## LISTED ENTRIES
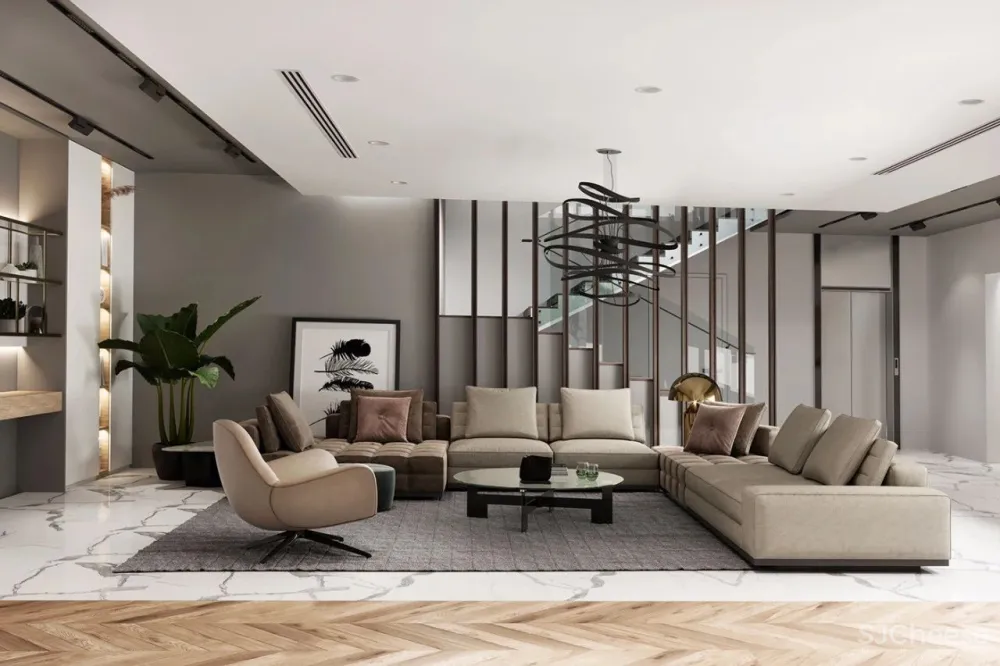 灰色一致主流色系和大地色组成的空间里,既不显得很闷又展现出高级感。暖黄色皮质沙发,搭配原木茶几桌,透明玻璃瓶里插着一些源于自然的绿植。天花板上方的透明玻璃球状灯,由一根根金属状细线牵引着。楼梯则运用栏栅隔开,也作为另一个客厅的背景,米色沙发配圆形大理石桌,黑色旋转式灯艺,充满摩登感。
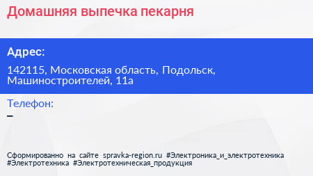 Домашняя выпечка, пекарня по адресу 142115, Московская область, Подольск, Машиностроителей, 11а в дальнейшем Организация, размещена в следующих категориях:
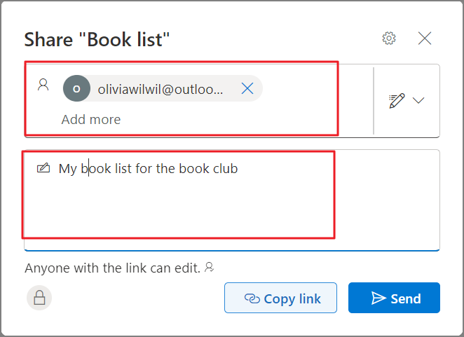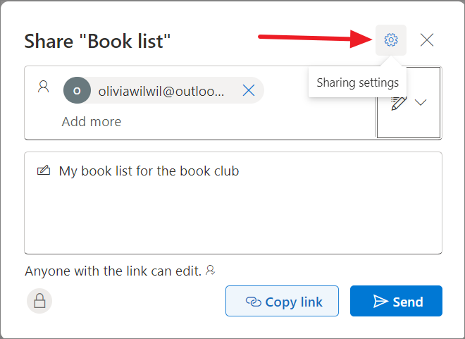 - Finally, click 'Send'. You also copy the link and share it with others through email or message. Selecting 'Copy link' will automatically copy the link to your clipboard with the sharing settings selected.
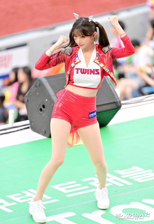 (엑스포츠뉴스 잠실, 김한준 기자) 28일 오후 서울 송파구 잠실야구장에서 열린 '2025 신한 SOL Bank KBO리그' 한화 이글스와 LG 트윈스의 경기, 이주은 치어리더가 멋진 공연을 선보이고 있다.
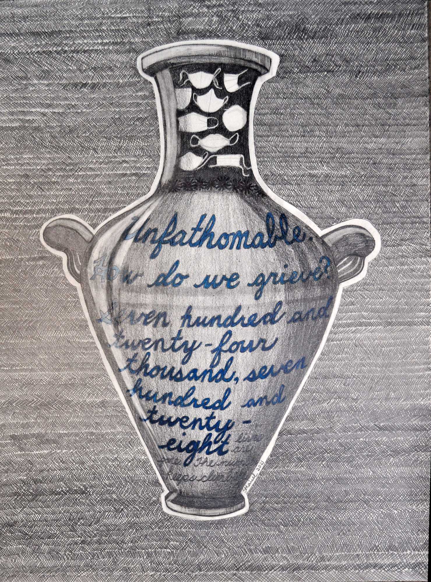 The tragedy pot series expresses my dismay with current events. This one is about the pandemic and the US response to the number of deaths that continued to rise.
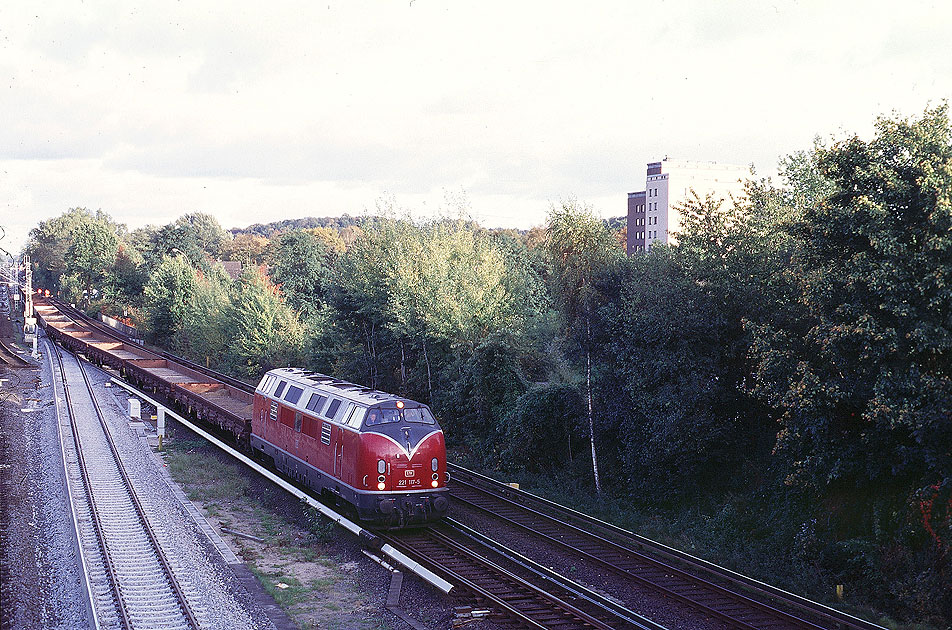Die 221 121-7 der Deutschen Bundesbahn am 14. Juli 1986 in Duisburg. Im Ruhrgebiet war das letzte Einsatzgebiet der Baureihe 221 zum Aufnahmezeitpunkt war die 221 121-7 im Bw Oberhausen-Osterfeld beheimatet. Die Lok wurde als V200 121 im Jahr 1964 von der Deutschen Bundesbahn in Betrieb genommen und mit der Fabriknummer 19241 von Krauss Maffei geliefert. Dia 1554 FP7 Foto: Lars Brüggemann |
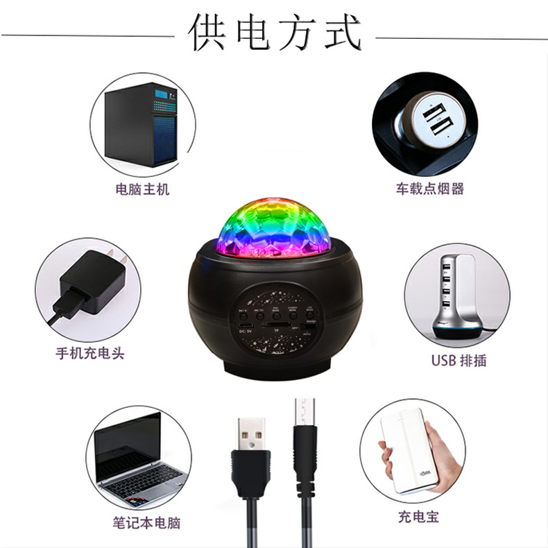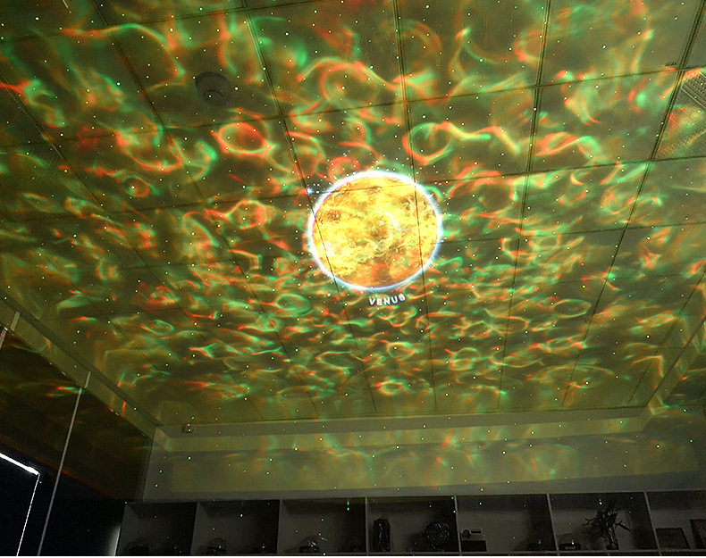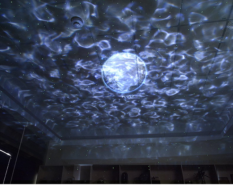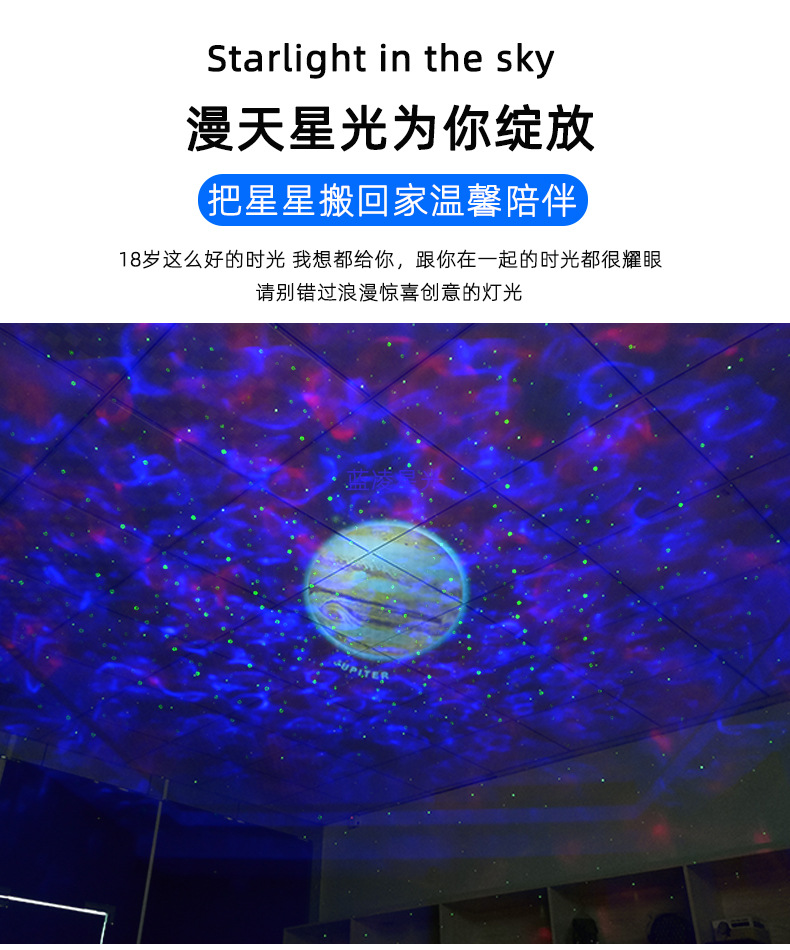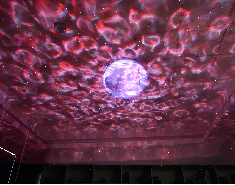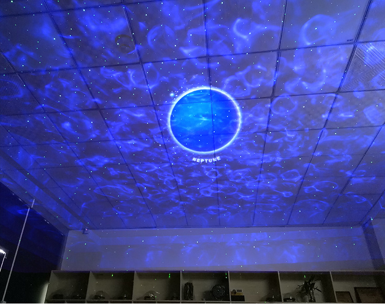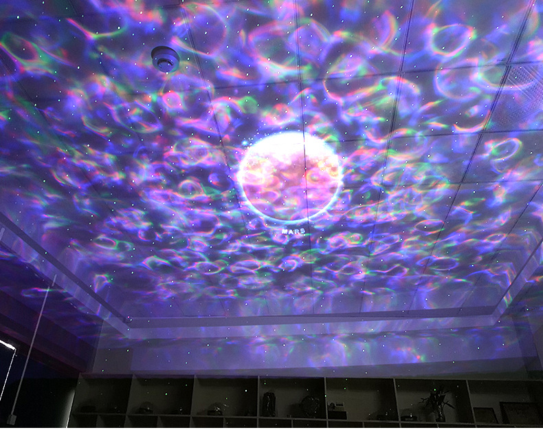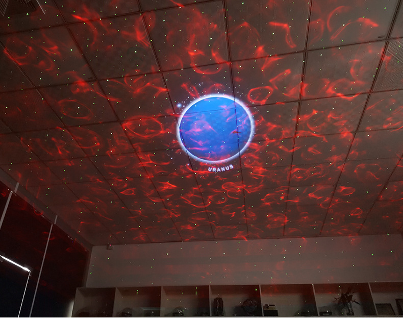 Star Light Projector belongs to the combination of four-color water grain Lamp + Green Laser + 10 planet patterns. The water grain has four basic colors of red, white, blue and green, which can be randomly combined with 15 colors. The color of laser is green, and the planet has 10 patterns.
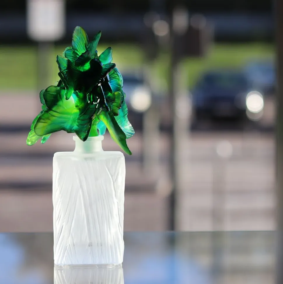 La Maison Daum présente le flacon à parfum prestige « L’envol de papillons ». Une envolée de papillons aux teintes de vert et de bleu est délicatement posée sur le dessus du flacon. Le flacon est produit par la technique du « verre soufflé ». Le bouchon exceptionnel du flacon à parfum, orné d’un kaléidoscope de papillons délicats, devient plus qu’un flacon, mais un objet décoratif. Bouchonnage à l’émeri.
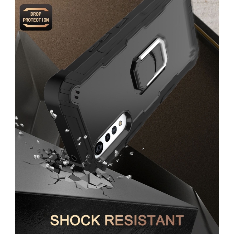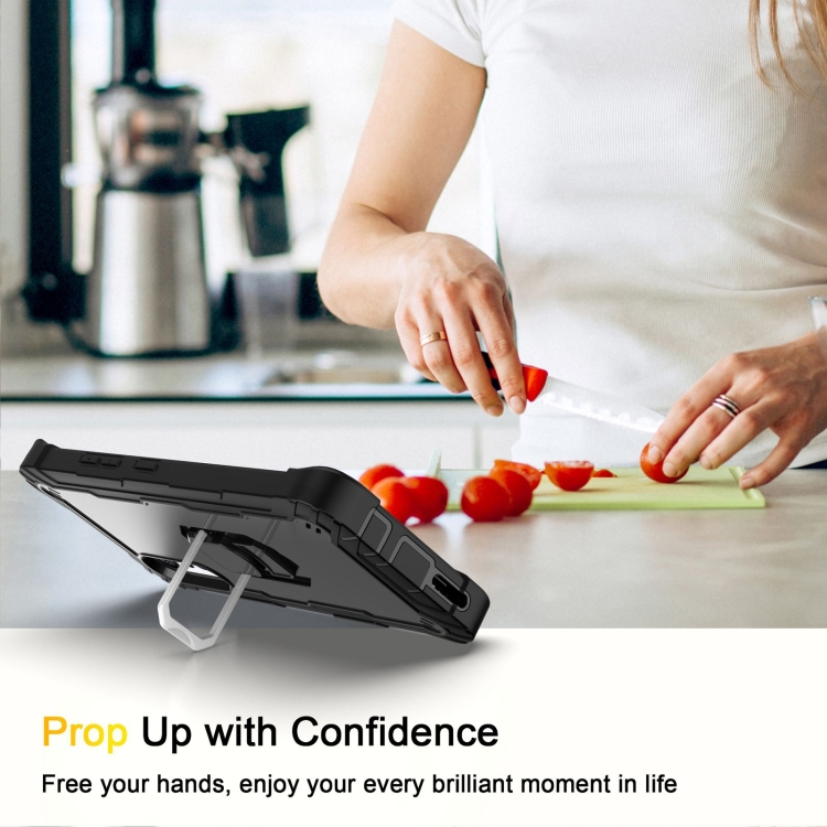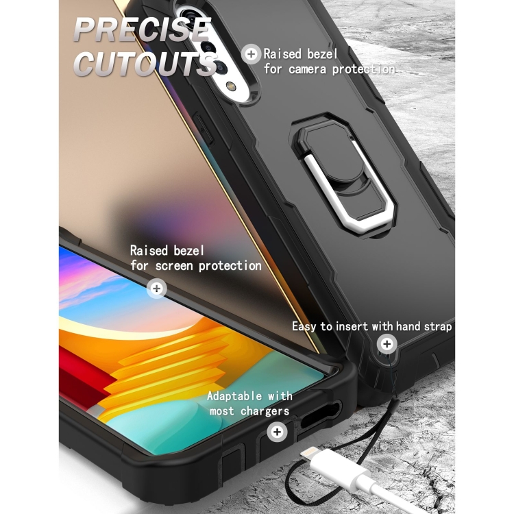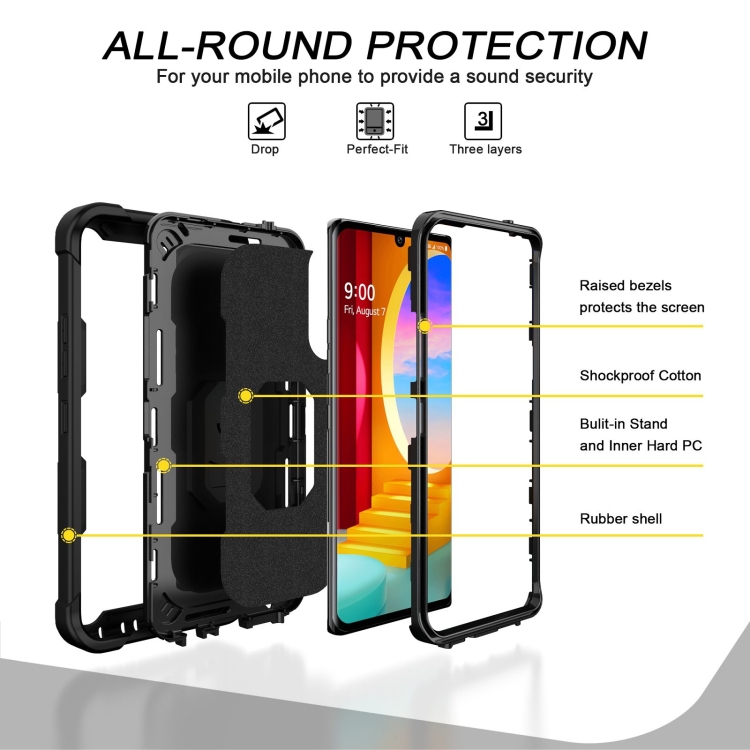 Funda Protectora para LG Velvet PC + Caucho 3-Capas con Soporte Giratorio (Negro)

## WHAT TO PRODUCE
Set the pictures aside and reproduce exactly the lines above, from the line holding "Домашняя выпечка, пекарня" through the line holding "(엑스포츠뉴스 잠실, 김한준", both included, with nothing else.

## OUTPUT BELOW
 Домашняя выпечка, пекарня по адресу 142115, Московская область, Подольск, Машиностроителей, 11а в дальнейшем Организация, размещена в следующих категориях:
 - Finally, click 'Send'. You also copy the link and share it with others through email or message. Selecting 'Copy link' will automatically copy the link to your clipboard with the sharing settings selected.
 (엑스포츠뉴스 잠실, 김한준 기자) 28일 오후 서울 송파구 잠실야구장에서 열린 '2025 신한 SOL Bank KBO리그' 한화 이글스와 LG 트윈스의 경기, 이주은 치어리더가 멋진 공연을 선보이고 있다.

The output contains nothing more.